Background Increased serum levels of B cell activating factor (BAFF) have been detected in patients with idiopathic inflammatory myopathies (IIM) [1], which in anti-Jo-1 positive patients correlate with serum autoantibody concentration. The correlation of BAFF expression with disease activity in IIM patients has recently been described.

Objectives To investigate serum BAFF levels in anti-PM-Scl positive patients with co-existent myositis and to assess the association with clinical disease activity in a multi-center myositis cohort.

Methods Serum BAFF levels of 37 anti-PM-Scl positive IIM patients from two European countries and in 57 healthy controls were measured using ELISA. Nineteen longitudinal serum samples with corresponding clinical data were also obtained. Clinical data were derived from the Euromyositis database (www.euromyositis.eu).

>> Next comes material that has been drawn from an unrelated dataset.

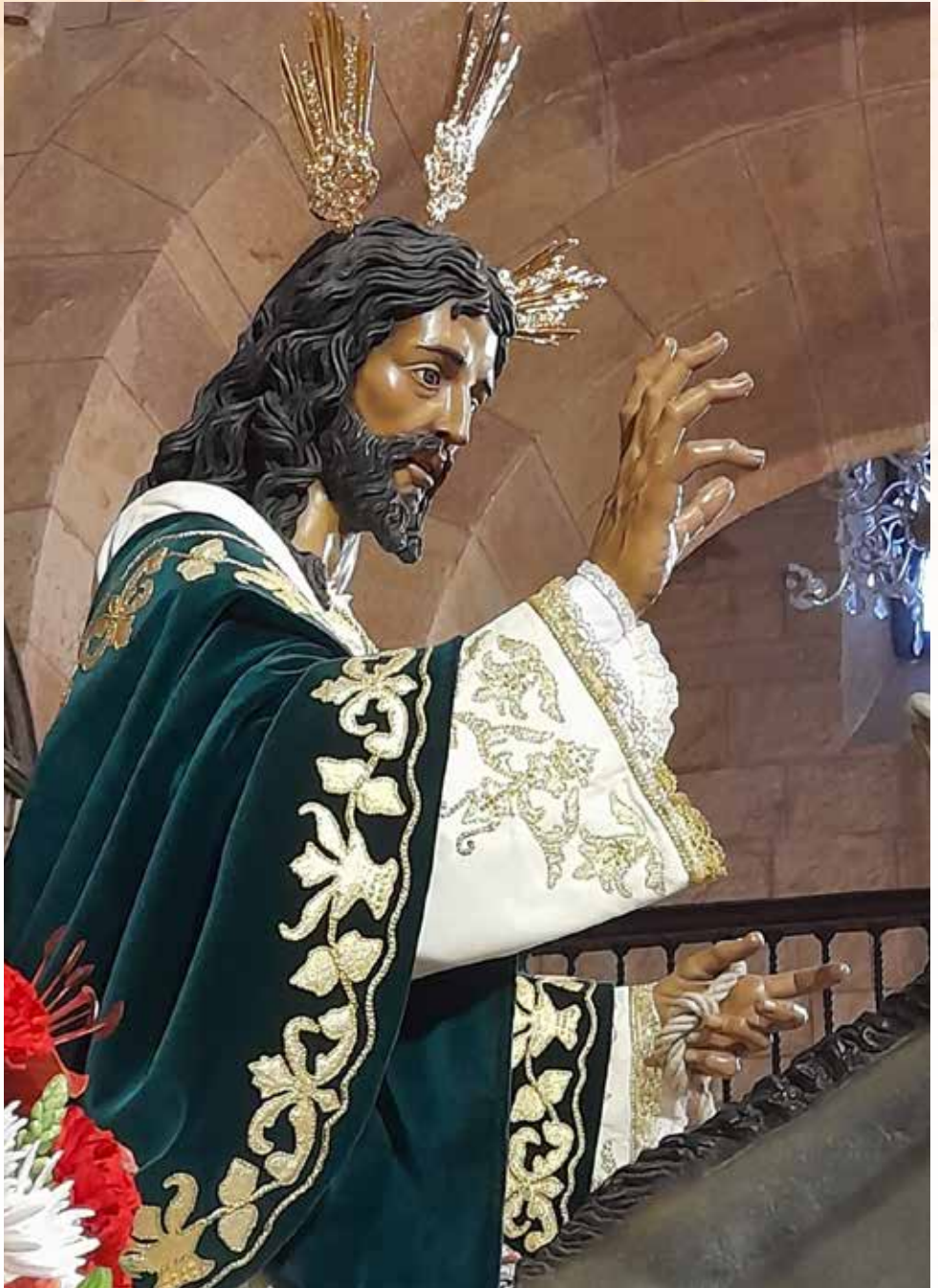
Our Lord of La Paz in his triumphal entry into Jerusalem

Results Serum levels of BAFF in anti-PM-Scl positive PM/DM patients were significantly higher compared to healthy controls (P=0.008), but there was no statistically significant difference between PM or DM patients (P>0.05). BAFF levels correlated with both muscular (r=0.509, P=0.002) and extramuscular disease activity (r=0.487, P=0.003). There was a negative correlation with manual muscle test (MMT8) results - increased muscle weakness thus correlated with increased serum BAFF levels (r=-0.423, P=0.025). The composite disease activity (DA) scores MITAX and MYOACT correlated positively with BAFF levels; MITAX: r=0.374, P=0.027; MYOACT: r=0.430, P=0.010. There was a correlation with disease activity (DA) of various systems: Constitutional DA (r=0.382, P=0.023), Cutaneous DA (r=0.471, P=0.004), Gastrointestinal DA (r=0.545, P=0.001) and Pulmonary DA (r=0.524, P=0.001).

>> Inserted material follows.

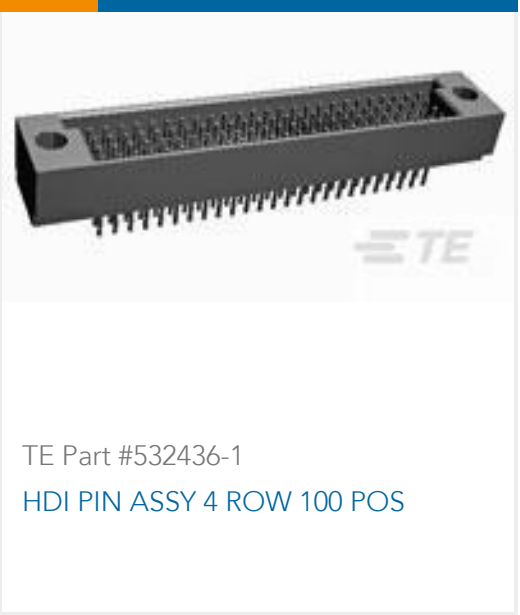
TE Part #532436-1 HDI PIN ASSY 4 ROW 100 POS

Furthermore, longitudinal change (∆) in BAFF levels correlated with ∆Physician Global DA (r = 0.6834, P = 0.0035), ∆Muscular DA (r=0.786, P<0.0001), and ∆MITAX Score (r=0.672, P=0.002). Change in BAFF correlated significantly also with ∆MYOACT (r=0.698, P=0.001) and with its components: ∆Cutaneous DA (r=0.491, P=0.033), ∆Skeletal DA (r=0.588, P=0.008), ∆Gastrointestinal DA (r=0.548, P=0.015), ∆Pulmonary DA (r=0.491, P=0.039) and ∆Cardiovascular DA (r=0.471, P=0.042).

Conclusions Serum levels of BAFF are increased in anti-PM-Scl positive patients with IIM, where BAFF levels correlate with clinical disease activity assessments. Furthermore, longitudinal changes in BAFF levels over time also correlate with changes in disease activity measures. These findings indicate that BAFF is likely implicated in the pathogenesis of PM/DM. BAFF is thus a potential biomarker in IIM.

References

  1. O Kryštůfková, T Vallerskog, S Barbasso Helmers, H Mann, I Půtová, J Běláček, V Malmström, C Trollmo, J Vencovský, I E Lundberg, Increased serum levels of B cell activating factor (BAFF) in subsets of patients with idiopathic inflammatory myopathies, Ann Rheum Dis 2009;68:836-843 doi:10.1136/ard.2008.091405

Acknowledgements IGA -Ministry of Health of the Czech Republic NT/12438-4.